Oral bioavailability of ATP after prolonged administration

Journal Title (Medline/Pubmed accepted abbreviation): Br. J. Nutr.
Year: 2011
Volume: 105
Page numbers: 357-366
doi (if applicable): 10.1017/S0007114510003570

Summary of Background and Research Design

Background:Adenosine triphosphate (ATP) is the primary energy currency for cellular work. The generation of ATP in cells comes from the metabolism of nutrients (e.g, carbohydrates, fats, nucleic acids). This study examined if it is possible to more directly supply ATP to the cells via the actual oral ingestion of ATP. ATP is stable in an acidic environment (for example, the stomach) but it is likely that ATP is broken down into its components (i.e., adenosine, ribose, phosphate groups) before it gets to the blood stream. Furthermore, the liver metabolizes adenosine into uric acid which is filtered out by the kidney and excreted in urine. Even so, some scientists hypothesize that having a surplus of the “ingredients” to synthesize ATP will facilitate ATP generation. Corroborating this, some animal studies have shown that oral ingestion of ATP can increase ATP blood levels. This phenomenon has not been shown in humans to date with either an acute or chronic dose of oral ATP.

Research Question:Does oral ATP ingestion for 28 days increase ATP concentrations in the blood? Does 28 days of ATP ingestion increase the body’s uptake, metabolism, and/or excretion of a large, acute dose (5 g) ATP?

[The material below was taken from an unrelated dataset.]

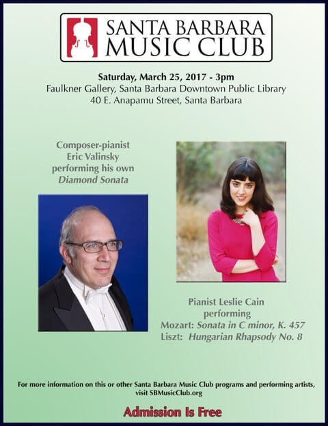 One of the highlights of Santa Barbara Music Club’s concerts is the opportunity for audiences to hear great music from a variety of historical periods, with a diversity of musical forms, performed by excellent artists. In this concert, pianist Leslie Cain will present W.A. Mozart’s Sonata No. 14 in C Minor, KV 457 and Franz Liszt’s Hungarian Rhapsody #8 in F-sharp Minor. Composer-pianist Eric Valinsky will perform his own Diamond Sonata.

Subjects:Thirty three subjects (13 male, age 28.8 ± 14.1 y; 19 female, 21.7 ± 4.6 y)

Experimental design:randomized, double-blinded, placebo-controlled design

Treatments/Protocol: Subjects were randomized to 1 of 4 dosing groups: 0, 250, 1250, or 5000 mg of ATP per day, taken on days 1-27 of the study. Their daily amount of ATP was divided into two doses of enteric-coated pellets. On days 0 and 28 subjects all consumed a single dose of 5000 mg of ATP. Blood was sampled at 30, 20, and 10 min before the 5000 mg megadose then every 15 min between 30 and 210 min after ATP ingestion. Urine was also collected 20 min before and 120, 220, and 400 min after the ATP dose. A single blood sample was acquired on days 7, 14, and 21. Blood was analyzed for ATP and several enzymes to assess safety. Urine was measured for uric acid (a breakdown product of ATP) and creatinine (to report on kidney function).

Summary of research findings:
  • The supplements were generally well tolerated. One subject in the placebo group discontinued participation due to vomiting and there were two reports of nausea without vomiting from the ATP supplement.
  • There were no significant differences in fasting ATP blood levels over the 4 wks of any dose of ATP.
  • There were no significant differences in plasma ATP levels after 5000 mg ATP ingestion on days 0 and 28 for any of the groups.
  • There was no significant increase in any of the metabolites of ATP that were measured in the blood except for uric acid. The rate or pattern of ATP metabolism was not affected by 4 wk ATP administration at any dose. Blood uric acid concentrations increased with dose.
  • There was no difference in the uric acid:creatinine ratio in the urine between days 0 and 28 for any groups or between any of the ATP doses and the placebo group.

Interpretation of findings/Key practice applications:

ATP administered orally does not increase ATP concentrations in the blood. It does not appear to have dangerous side effects in healthy individuals, but an increase in uric acid in the blood could increase the risk of gout for those who are predisposed to this ailment.